16. The next argument which is made above by the learned counsel for the appellant is that both the witnesses are of Excise Department and they have admitted in evidence that there were driver and conductor available on the spot and a large number of passengers were also sitting in the bus next to the accused appellant but they did not give their consent to be witnesses of recovery. The statement of such a witness would certainly have substantiated the recovery of contraband substance from the accused. It is stated by P.W. 1 that he had asked one or two persons who were sitting in the bus, to be the witness of recovery but they refused to put their signatures on the recovery memo and when their names were asked they did not disclose the same. It is difficult to believe this version of the prosecution, that not a single person's name could be remembered who was asked to be a witness, and on his refusing, when his name was asked, he would not even tell his name. Hence, it may be concluded that P.W.1 and P.W.2 both did not make effort to take any witness of public who could corroborate their version of recovering contraband substance from the accused appellant.

17. The learned counsel for the appellant next argued that the prosecution case is that 3 kg. 'ganja' has been recovered from the accused but as per the F.S.L. report, the same could not be held proved.

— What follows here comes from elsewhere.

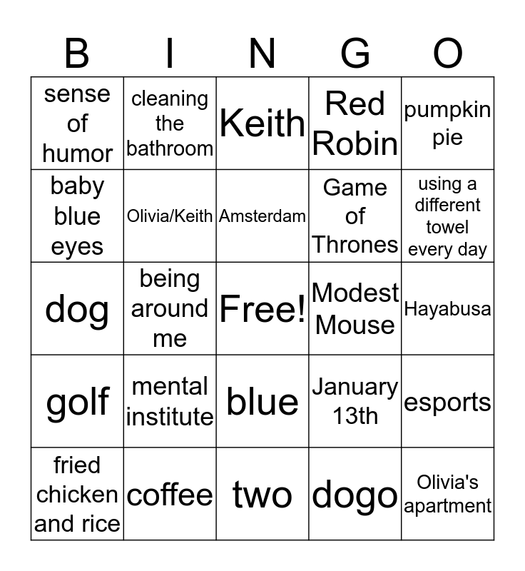 This bingo card has a free space and 24 words: mental institute, coffee, Amsterdam, fried chicken and rice, pumpkin pie, sense of humor, baby blue eyes, cleaning the bathroom, Modest Mouse, blue, Game of Thrones, dog, January 13th, esports, Olivia/Keith, dogo, Hayabusa, Keith, using a different towel every day, being around me, Olivia's apartment, golf, Red Robin and two.

It is submitted that the sample was found to contain 'bhang' also. There is no evidence on record to the effect, as to how the prosecution could reach this conclusion that the entire recovered contraband was only 'ganja' which amounted to 3 kg. because as per report of F.S.L., there was 'bhang' also in it. Therefore, it could certainly be concluded that in the alleged recovered contraband substance some quantity of 'bhang' must have been there.

18. Learned A.G.A. has not been able to explain as to how the prosecution could reach the conclusion that 3 kg of Ganja was recovered from the accused appellant.

19. A perusal of the learned lower court's judgment shows that it has not taken into consideration the above mentioned vital points before holding the accused guilty and has held the recovery of 'ganja' proved from the accused. Particularly the non production of the sample seal, which was used in sealing the contraband substance as well as its sample on the spot and non-disclosure as to which seal was sent to F.S.L. along with sample for being compared; non compliance of provision of Section 57 N.D.P.S. Act which mandated sending a report prepared of arrest and seizure to the higher authority within 48 hours, all these being necessary requirements, this is found to be a fit case where accused appellant deserves to be acquitted of the charge. The prosecution has failed to prove the charge of 8/20 of N.D.P.S. Act to the hilt.

20. Accordingly, the Appeal deserves to be allowed and it is allowed. The accused appellant is held not guilty of charge under Section 8/20 N.D.P.S. Act. The accused shall be released in this case if he is not detained in any other offence, forthwith.

21. Let a copy of this judgment be transmitted to the Court below along with record of the lower Court for necessary compliance promptly.

22. The case property shall be destroyed after period of Appeal is over or as the law provides otherwise.